We consider a finite population of $n$ individuals indexed by $\{1,\ldots,n\}$. The Reed-Frost epidemic propagates step-by-step in the population as follows. At step $0$, a single individual $u \in \{1,\ldots,n\}$ is infected and the others are susceptible. Then, any individual that is infected at some step is contagious during one step and is (definitely) removed at the next step. While it is contagious, this individual can infect any other susceptible individual independently at random with probability $p$. Hence, at the end of any step $t \ge 1$, the individuals that were infected at the end of step $t-1$ are removed, the susceptible individuals of step $t-1$ that were infected during step $t$ become infected, and the others remain susceptible.

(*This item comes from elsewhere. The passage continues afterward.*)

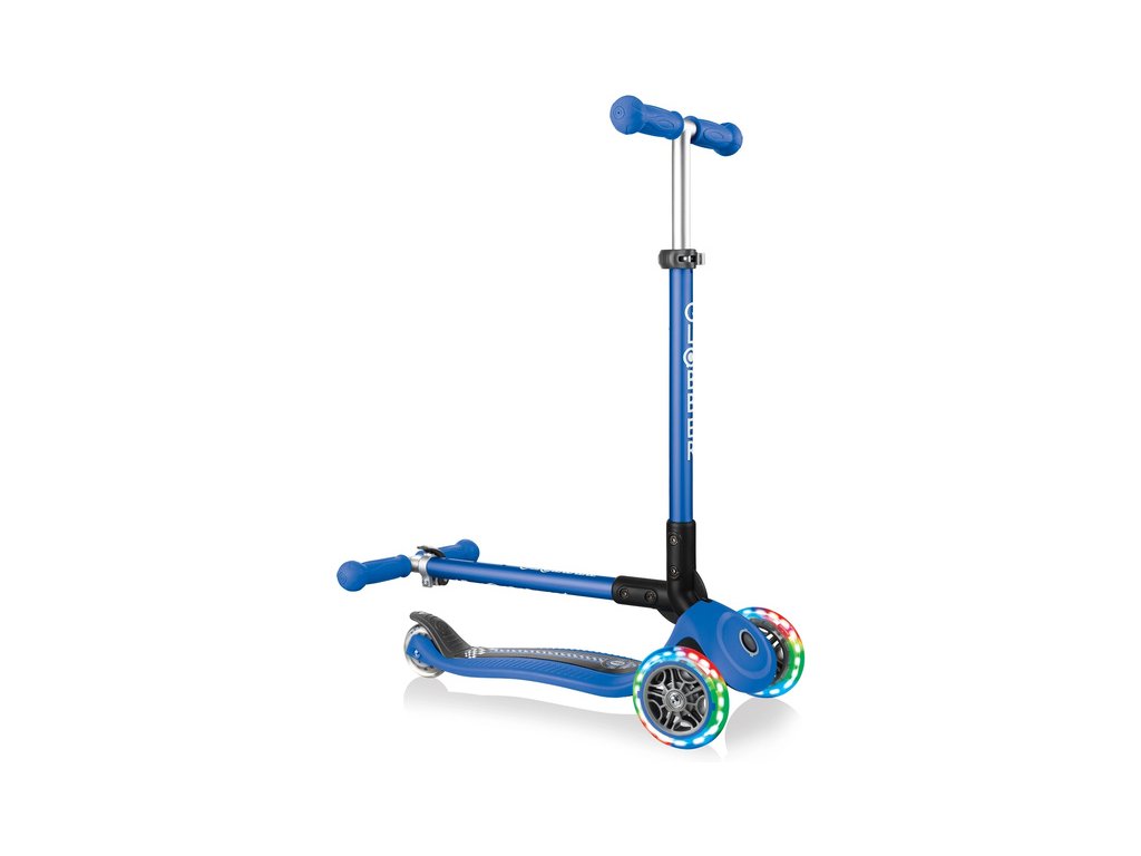 Koloběžky Primo Lights jsou vybaveny unikátními předními koly, které při jízdě blikají červenou, modrou a zelenou barvou. Diody v kolech jsou napájeny pomocí integrovaného dynama a nejsou potřeba baterie.

The Reed-Frost epidemic is related to the Erdös-Rényi random graph as follows. If we consider a Reed-Frost epidemic that starts at some individual $u$ and has a probability $p$ of infection, then the individuals that are infected at some step $t \ge 0$ correspond to the nodes that are at distance $t$ of $u$ in the Erdös-Rényi random graph $G(n,p)$.
Using the relation with Erdös-Rényi graphs, adapt the functions of Exercice 1 to compute the number of nodes that are eventually infected in the Reed-Frost epidemic, starting from a given node of the population. The inputs of this new function size_infection
are the number $n$ of nodes (say, between 1000 and 10000) and the probability $p$ of infection.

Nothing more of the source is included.